* [DATA]:
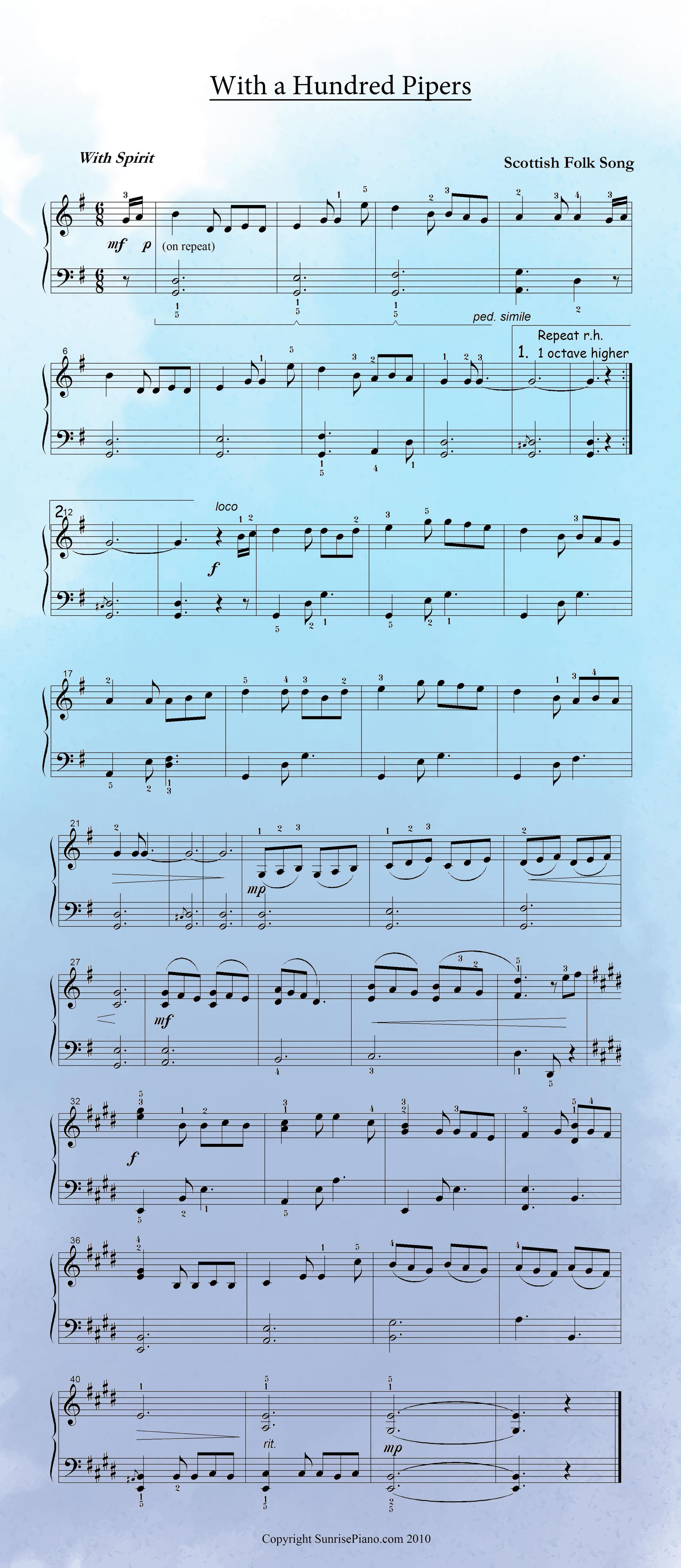 With a Hundred Pipers - Intermediate Piano Sheet Music
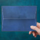 Orange maple leaves on blue stained grunge paper rustic wedding envelope featuring a gold stripe on blue and white background and orange maple leaves on the inside. This lovely fall wedding design with a vintage flair is part of a wedding set or collection and is a totally customisable template perfect for an autumn wedding.
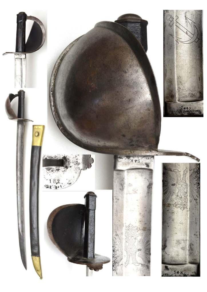 Austrian 1849 naval cutlass. Blade has a two-headed Austrian eagle on one side together with the firm’s stamp: Sand K (S&K). An anchor on the other side with the date 1849, 182 and letters K M stamped under the guard. Grip is wooden, covered with metal plate and ends in an iron cap and a Iron asymmetrical hilt. The scabbard is stamped 121, covered with black leather with brass fittings.
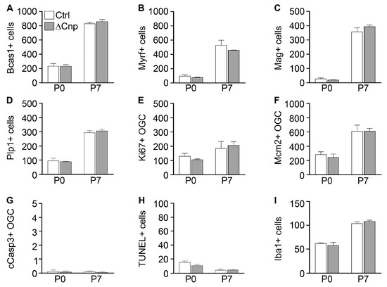 Pbrm1 deletion in late spinal cord OPCs has no effects on oligodendroglial proliferation, cell death and differentiation. (A–I) Determination of the absolute number of Bcas1 (A), Myrf (B), Mag (C) and Plp1 (D) expressing cells, the Ki67- (E), Mcm2- (F) and cleaved caspase 3- (cCasp3, (G)) positive oligodendroglial cells (OGC), TUNEL signals (H) or Iba1-positive microglia (I) per spinal cord section in control (Ctrl, white bars) and Pbrm1∆Cnp (∆Cnp, grey bars) mice at P0 and P7. Data were obtained from immunohistochemical stainings (A,B,E–I) and in situ hybridizations (C,D) and represent mean ± SEM (n = 3). No statistically significant differences were obtained.

* [TASK ITEM]: Could you print the material above word for word and skip the images?

* [SOLVED EXERCISE]:
 With a Hundred Pipers - Intermediate Piano Sheet Music
 Orange maple leaves on blue stained grunge paper rustic wedding envelope featuring a gold stripe on blue and white background and orange maple leaves on the inside. This lovely fall wedding design with a vintage flair is part of a wedding set or collection and is a totally customisable template perfect for an autumn wedding.
 Austrian 1849 naval cutlass. Blade has a two-headed Austrian eagle on one side together with the firm’s stamp: Sand K (S&K). An anchor on the other side with the date 1849, 182 and letters K M stamped under the guard. Grip is wooden, covered with metal plate and ends in an iron cap and a Iron asymmetrical hilt. The scabbard is stamped 121, covered with black leather with brass fittings.
 Pbrm1 deletion in late spinal cord OPCs has no effects on oligodendroglial proliferation, cell death and differentiation. (A–I) Determination of the absolute number of Bcas1 (A), Myrf (B), Mag (C) and Plp1 (D) expressing cells, the Ki67- (E), Mcm2- (F) and cleaved caspase 3- (cCasp3, (G)) positive oligodendroglial cells (OGC), TUNEL signals (H) or Iba1-positive microglia (I) per spinal cord section in control (Ctrl, white bars) and Pbrm1∆Cnp (∆Cnp, grey bars) mice at P0 and P7. Data were obtained from immunohistochemical stainings (A,B,E–I) and in situ hybridizations (C,D) and represent mean ± SEM (n = 3). No statistically significant differences were obtained.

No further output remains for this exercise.